• _Required work_
Only the lines below from the one that contains "Figure 13.10: Among" through the one that contains "Research data on" should appear in your answer, exact and without pictures.

• _Dataset records_
──────────────────────────────

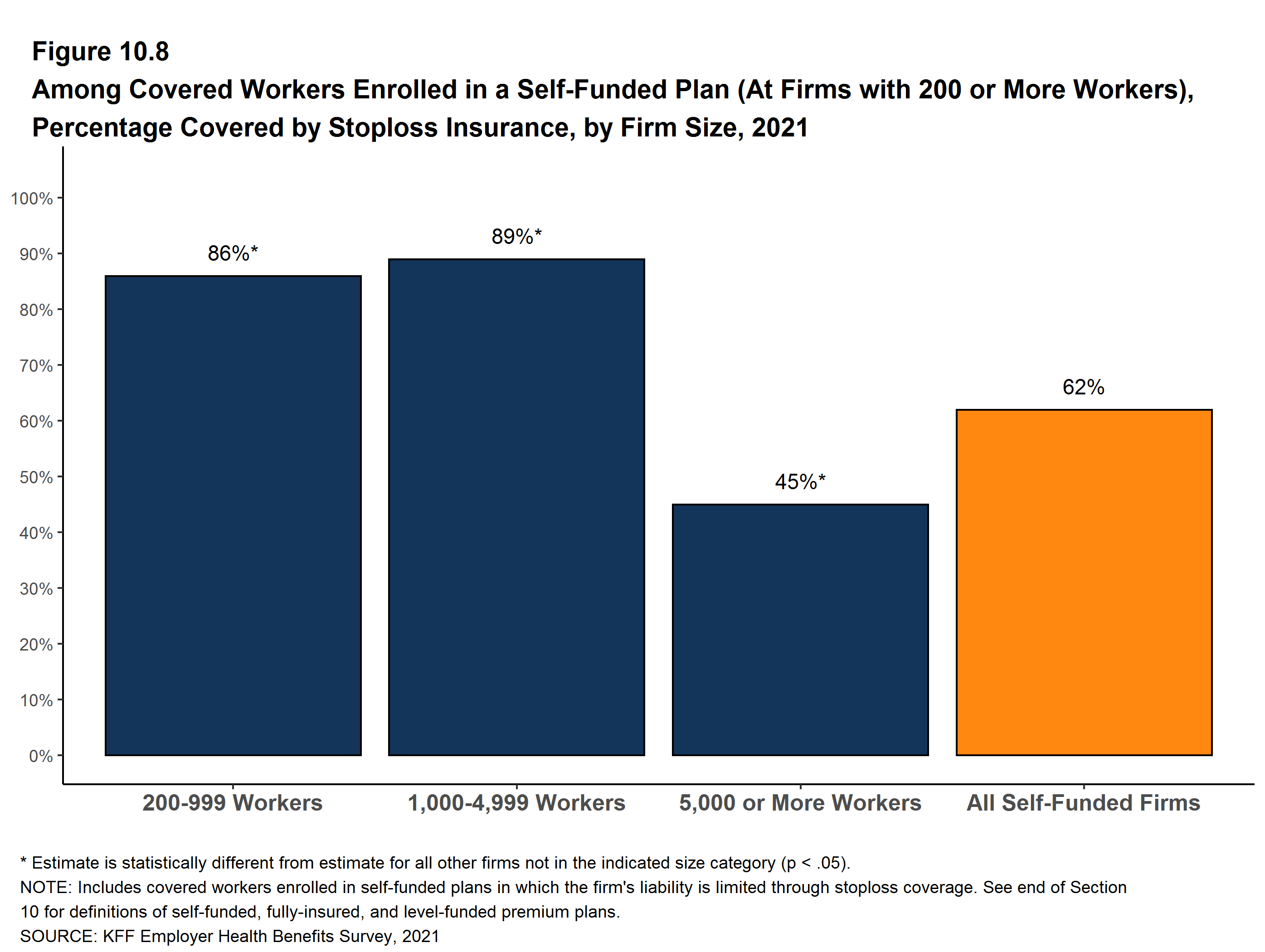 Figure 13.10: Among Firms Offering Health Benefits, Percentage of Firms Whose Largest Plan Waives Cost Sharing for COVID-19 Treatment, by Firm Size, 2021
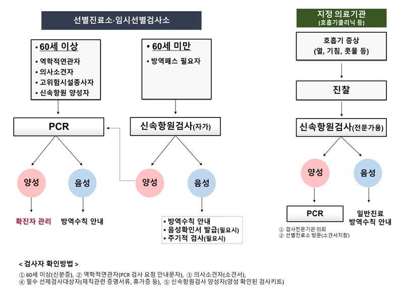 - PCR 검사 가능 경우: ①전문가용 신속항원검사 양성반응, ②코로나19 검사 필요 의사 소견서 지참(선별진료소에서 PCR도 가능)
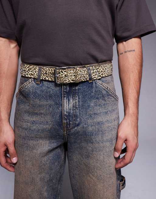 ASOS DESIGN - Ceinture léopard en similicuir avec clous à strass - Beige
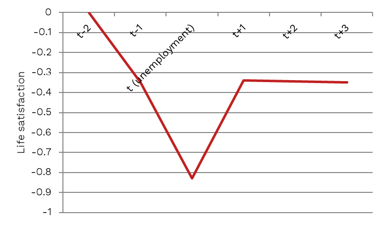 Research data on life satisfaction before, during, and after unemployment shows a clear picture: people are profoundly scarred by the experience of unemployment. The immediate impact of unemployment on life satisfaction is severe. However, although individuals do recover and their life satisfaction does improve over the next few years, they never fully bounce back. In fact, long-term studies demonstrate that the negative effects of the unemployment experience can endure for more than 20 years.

──────────────────────────────

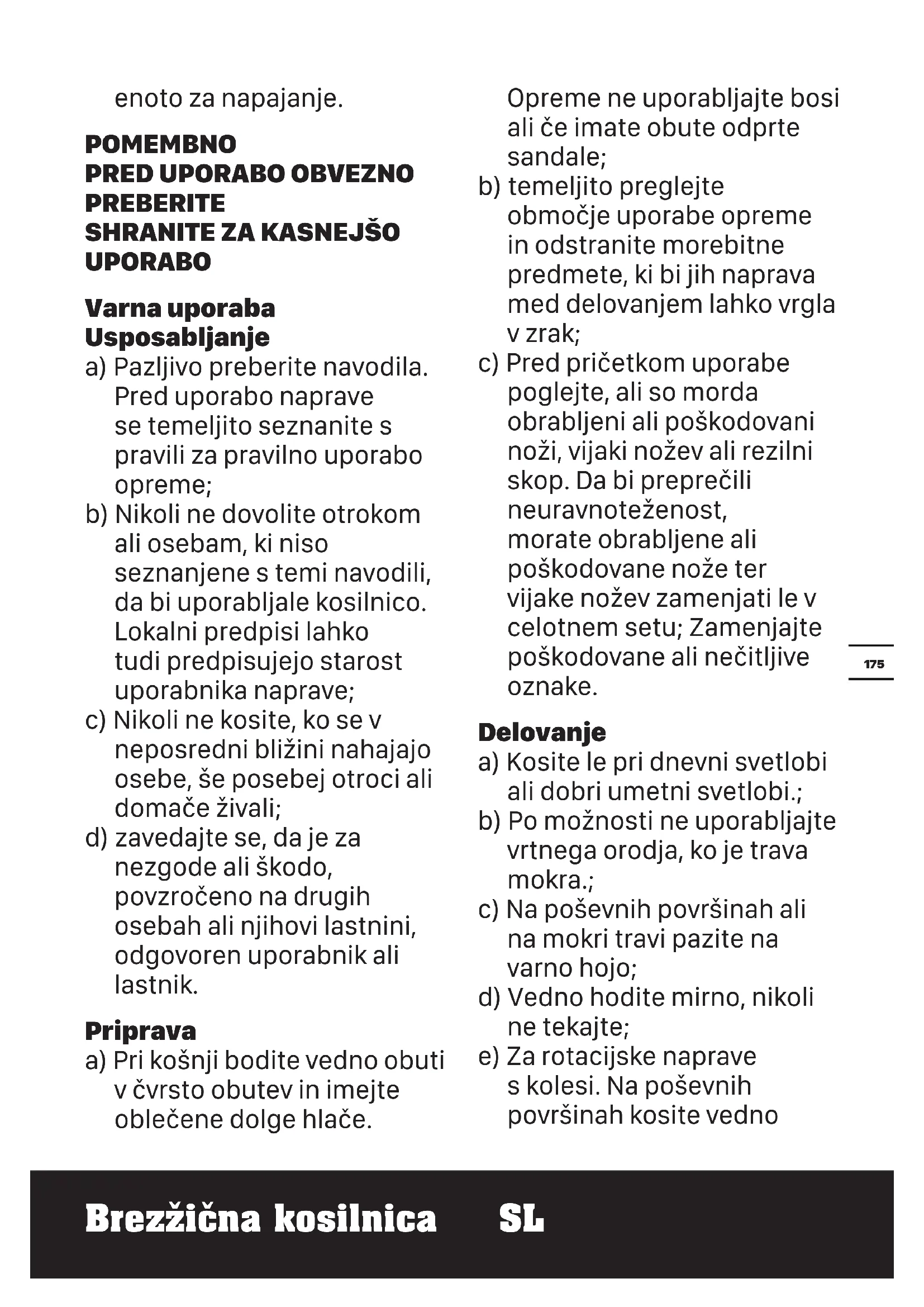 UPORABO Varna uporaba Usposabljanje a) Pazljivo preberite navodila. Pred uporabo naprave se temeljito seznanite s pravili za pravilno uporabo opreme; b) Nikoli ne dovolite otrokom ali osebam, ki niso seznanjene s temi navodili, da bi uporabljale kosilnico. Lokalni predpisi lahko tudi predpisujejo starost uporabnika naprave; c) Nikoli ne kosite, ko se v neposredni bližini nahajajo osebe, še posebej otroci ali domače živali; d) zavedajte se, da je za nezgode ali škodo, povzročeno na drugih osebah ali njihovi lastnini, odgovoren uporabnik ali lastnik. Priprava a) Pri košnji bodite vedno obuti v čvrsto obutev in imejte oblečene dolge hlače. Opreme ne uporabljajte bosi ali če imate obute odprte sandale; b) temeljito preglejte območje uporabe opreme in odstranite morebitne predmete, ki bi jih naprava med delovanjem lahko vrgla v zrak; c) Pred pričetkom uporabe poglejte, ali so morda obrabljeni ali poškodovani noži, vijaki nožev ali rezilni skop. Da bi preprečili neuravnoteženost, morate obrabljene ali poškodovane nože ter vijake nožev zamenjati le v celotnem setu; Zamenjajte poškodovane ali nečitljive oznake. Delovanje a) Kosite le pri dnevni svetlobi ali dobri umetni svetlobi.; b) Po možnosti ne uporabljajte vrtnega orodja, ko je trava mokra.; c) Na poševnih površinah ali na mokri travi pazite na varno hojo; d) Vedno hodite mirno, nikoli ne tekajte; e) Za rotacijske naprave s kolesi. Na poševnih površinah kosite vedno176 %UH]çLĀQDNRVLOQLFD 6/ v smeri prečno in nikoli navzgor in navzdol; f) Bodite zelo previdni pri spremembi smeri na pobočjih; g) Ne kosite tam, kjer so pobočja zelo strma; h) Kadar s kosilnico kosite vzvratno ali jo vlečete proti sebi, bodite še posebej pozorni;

──────────────────────────────

• _Answer to this exercise_
 Figure 13.10: Among Firms Offering Health Benefits, Percentage of Firms Whose Largest Plan Waives Cost Sharing for COVID-19 Treatment, by Firm Size, 2021
 - PCR 검사 가능 경우: ①전문가용 신속항원검사 양성반응, ②코로나19 검사 필요 의사 소견서 지참(선별진료소에서 PCR도 가능)
 ASOS DESIGN - Ceinture léopard en similicuir avec clous à strass - Beige
 Research data on life satisfaction before, during, and after unemployment shows a clear picture: people are profoundly scarred by the experience of unemployment. The immediate impact of unemployment on life satisfaction is severe. However, although individuals do recover and their life satisfaction does improve over the next few years, they never fully bounce back. In fact, long-term studies demonstrate that the negative effects of the unemployment experience can endure for more than 20 years.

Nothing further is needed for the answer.